If the Distance value begins with fast and CacheSize is too large or is "maximal", then the software might attempt to allocate a Gram matrix that exceeds the available memory. In this case, the software issues an error.

Change CacheSize using dot notation: mdl.CacheSize = 1e4.

Data Types: single | double | char | string

`Distance` — Distance metric
`"cityblock"` | `"chebychev"` | `"correlation"` | `"cosine"` | `"euclidean"` | `"hamming"` | function handle | ...

Distance metric, specified as a valid distance metric name or function handle. The allowable distance metric names depend on the neighbor-searcher method (see NSMethod).

`NSMethod` Value	Distance Metric Names
`"exhaustive"`	Any distance metric of `ExhaustiveSearcher`
`"kdtree"`	`"cityblock"`, `"chebychev"`, `"euclidean"`, or `"minkowski"`

This table includes valid distance metrics of ExhaustiveSearcher.

Distance Metric Names	Description
`"cityblock"`	City block distance.
`"chebychev"`	Chebychev distance (maximum coordinate difference).
`"correlation"`	One minus the sample linear correlation between observations (treated as sequences of values).
`"cosine"`	One minus the cosine of the included angle between observations (treated as vectors).
`"euclidean"`	Euclidean distance.
`"fasteuclidean"` (since R2025a)	Euclidean distance computed by using an alternative algorithm that saves time when the number of predictors is at least 10. In some cases, this faster algorithm can reduce accuracy. Algorithms starting with `fast` do not support sparse data. For details, see Fast Euclidean Distance Algorithm.
`"fastseuclidean"` (since R2025a)	Standardized Euclidean distance computed by using an alternative algorithm that saves time when the number of predictors is at least 10. In some cases, this faster algorithm can reduce accuracy. Algorithms starting with `fast` do not support sparse data. For details, see Fast Euclidean Distance Algorithm.
`"hamming"`	Hamming distance, percentage of coordinates that differ.
`"jaccard"`	One minus the Jaccard coefficient, the percentage of nonzero coordinates that differ.
`"mahalanobis"`	Mahalanobis distance, computed using a positive definite covariance matrix `C` (see `DistParameter`).
`"minkowski"`	Minkowski distance, computed using a specified exponent (see `DistParameter`).
`"seuclidean"`	Standardized Euclidean distance. Each coordinate difference between `X` and a query point is scaled, meaning divided by a scale value `S` (see `DistParameter`).
`"spearman"`	One minus the sample Spearman's rank correlation between observations (treated as sequences of values).
`@distfun`	Distance function handle. `distfun` has the form function D2 = distfun(ZI,ZJ) % calculation of distance ... where `ZI` is a `1`-by-`N` vector containing one row of `X` or `Y`. `ZJ` is an `M2`-by-`N` matrix containing multiple rows of `X` or `Y`. `D2` is an `M2`-by-`1` vector of distances, and `D2(k)` is the distance between observations `ZI` and `ZJ(k,:)`.
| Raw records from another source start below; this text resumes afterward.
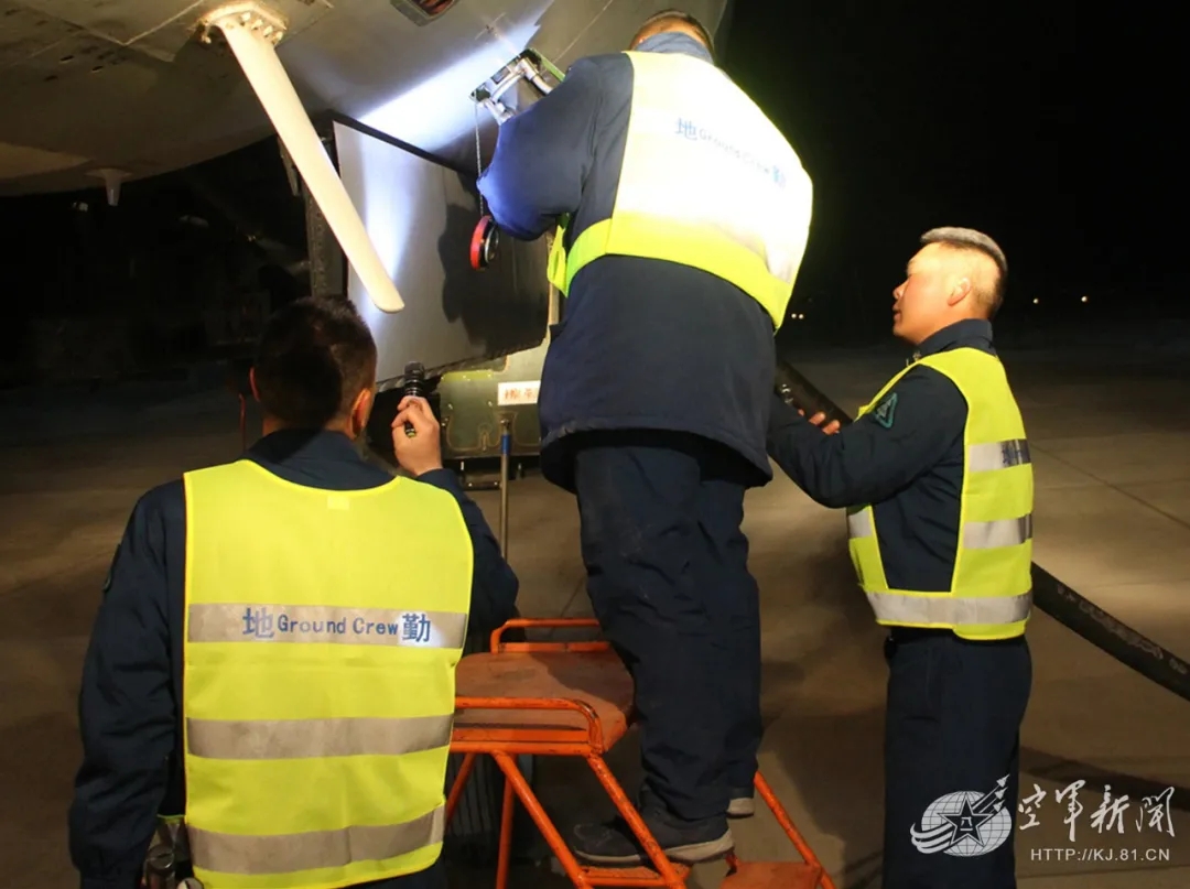 凌晨1时50分,机群完成预定训练课目后,千里奔袭降落某陌生机场,机务人员迅速对战机进行充、添、加、挂,飞行人员又马不停蹄地为下一场战斗再次准备。
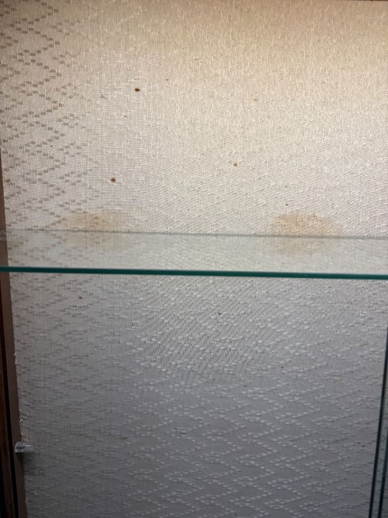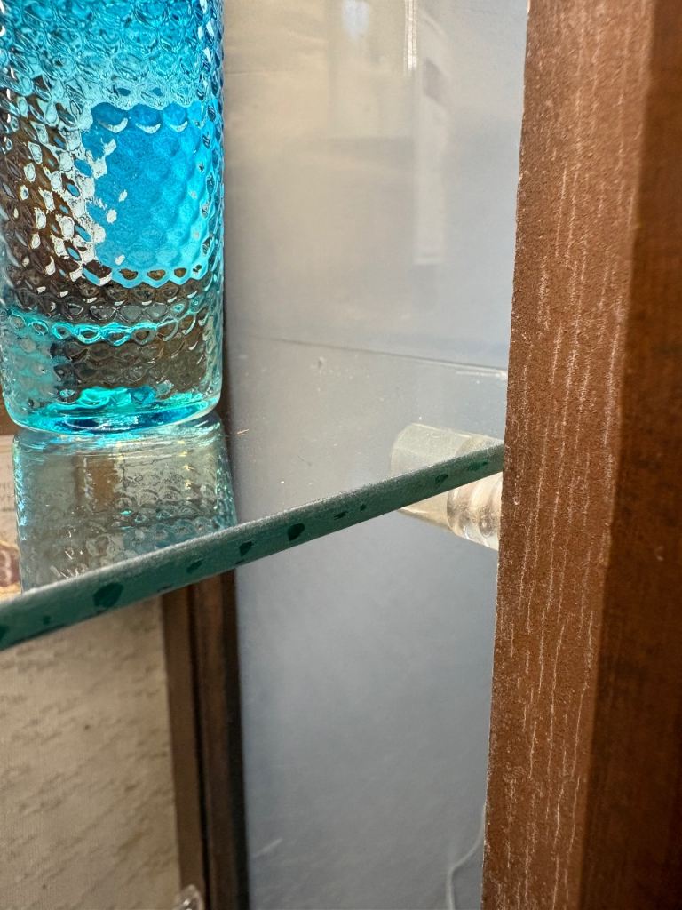 There are two glass shelves, one is sat in the bottom in these pictures but can be positioned higher and photos show what the shelves sit on.
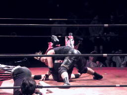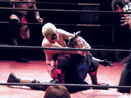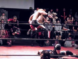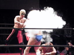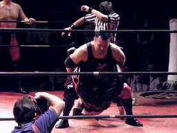 TARUドリラーを着地してKenスクールボーイ(左写真)、カウント2。このチャンスに紅白プロレス軍は3人を場外に落とす。
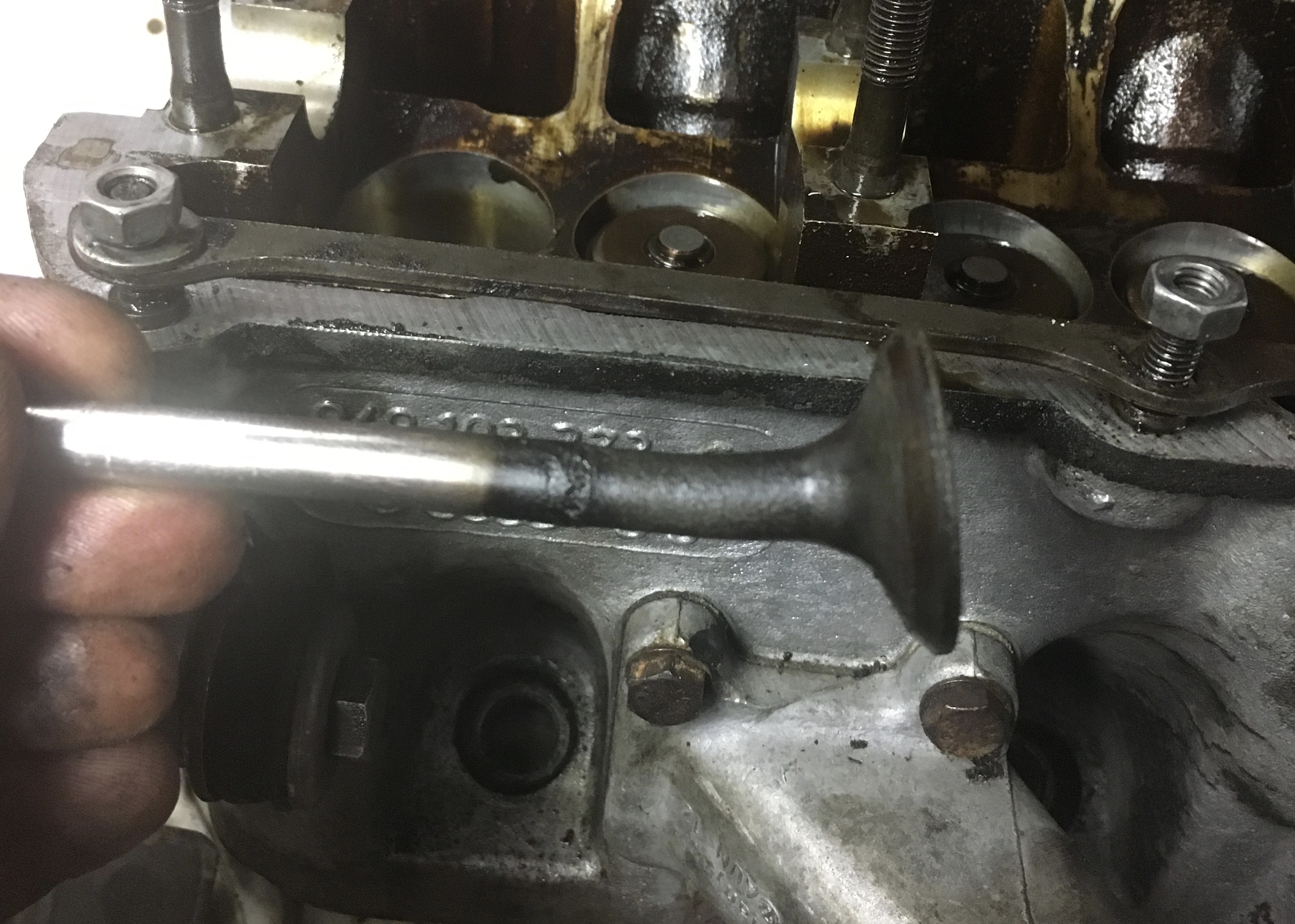 EN eller flera ventiler har slagit i kolvarna och blivit krökta, toppen måste av för åtgärd

Change Distance using dot notation: mdl.Distance = newDistance.

If NSMethod is "kdtree", you can use dot notation to change Distance only for the metrics "cityblock", "chebychev", "euclidean", and "minkowski".

For more information, see Distance Metrics.

Data Types: char | string | function_handle

`DistanceWeight` — Distance weighting function
`"equal"` | `"inverse"` | `"squaredinverse"` | function handle

Distance weighting function, specified as one of the values in this table.

Value	Description
`"equal"`	No weighting
`"inverse"`	Weight is 1/distance
`"squaredinverse"`	Weight is 1/distance²
`@fcn`	`fcn` is a function that accepts a matrix of nonnegative distances and returns a matrix of the same size containing nonnegative distance weights. For example, `"squaredinverse"` is equivalent to `@(d)d.^(–2)`.

Change DistanceWeight using dot notation: mdl.DistanceWeight = newDistanceWeight.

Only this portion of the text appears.